Not wanting to let Danny down, he takes a deep breath before answering Patty. “No. I was alternate. I did not compete.”
“But he’s gonna,” Danny jumps in. “Next time. He’s, like, so good, Patty. Look at this vault—”
“Oh, yeah, you showed me that,” Patty says after Danny passes over his phone. He watches the video anyway, though—it’s the Blanik Sasha did at the European Championships—and when it’s over, he nods appreciatively at Sasha. “Crazy, dude. Was that a perfect ten?”
There are so many things wrong with that question—starting with the fact that Sasha had taken a small hop on the landing, so it should have been obvious that the vault wasn’t perfect—but Danny groans before he can reply.
“Patty, we don’t do perfect tens anymore, I told you.
The ten’s the execution, and then there’s the difficulty. The E score and the D score.”

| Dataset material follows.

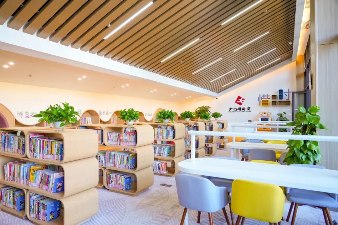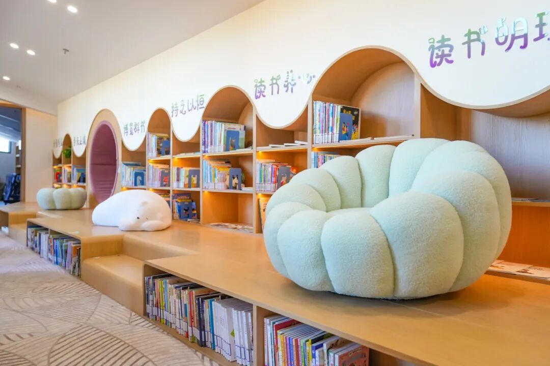 与成人阅览区相对的少儿馆则充满了童趣,整体色调采用明亮活泼的暖色,书架高度、桌椅尺寸、阅读灯光等均根据儿童的使用习惯进行了精心设计。同时,区域内还增设了各类趣味摆件,丰富多样的墙面、舒适可爱的靠垫以及小狮子造型的自助借阅机,为孩子们打造了一个温馨快乐的阅读空间。

“Oh, right.” Patty clearly doesn’t have a clue what Danny’s talking about. “You got a big D, Danny?”
“Yeah, the biggest D.”
“In your dreams, dude.”
“Your mom’s dreams, dude.”
Danny and Patty smirk at each other, and Sasha can’t shake the feeling that he’s on the other side of a concrete wall, trying to listen in.
He thought he knew Danny’s English, thought he’d learned his speech patterns by heart; but now that Danny’s with Patty, it’s like he’s speaking in a completely different dialect, one that Sasha doesn’t understand at all.
This feeling only intensifies as Danny’s friends start chatting about their summers.
It’s too many conversations at once—the girls’ and the guys’ and sometimes the whole group’s, everyone reminiscing about Patty’s “beer Olympics” before splintering off again, the girls back to their gossip, Scott and DJ or whoever going on about their grills, Patty telling Danny a long-winded story about his family’s camping trip—and Sasha can’t keep up.
He tries to participate, tries to think of things to say; but as soon as he comes up with a translation, Danny’s friends have already moved on to another subject.
When he finally manages to ask Patty what kind of dog he has, no one even hears him except Danny—and while Danny quickly gets Patty’s attention, Sasha’s too embarrassed to try again after that.
At least the others aren’t totally ignoring him.
Emily, the tall blonde, asks if he’s ever been to Saint Petersburg, and they chat about a trip she took there a couple years ago; Patty and Jess seem to be competing against each other for the “dumbest question about Russia” award (“Do you have seasons there? Like fall?”); and Danny keeps leaning over to explain backstories, inside jokes, and pop culture references, like he’s Sasha’s personal search engine.
Sasha appreciates their efforts, but after about an hour of this, his brain feels like his arm muscles after a parallel bars conditioning circuit, pushed to the absolute limits of his endurance. So as soon as Danny finishes telling him what the Harlem Shake is, Sasha asks where the bathrooms are.
Danny points out a blurry building in the distance. “I can go with you, if you want.”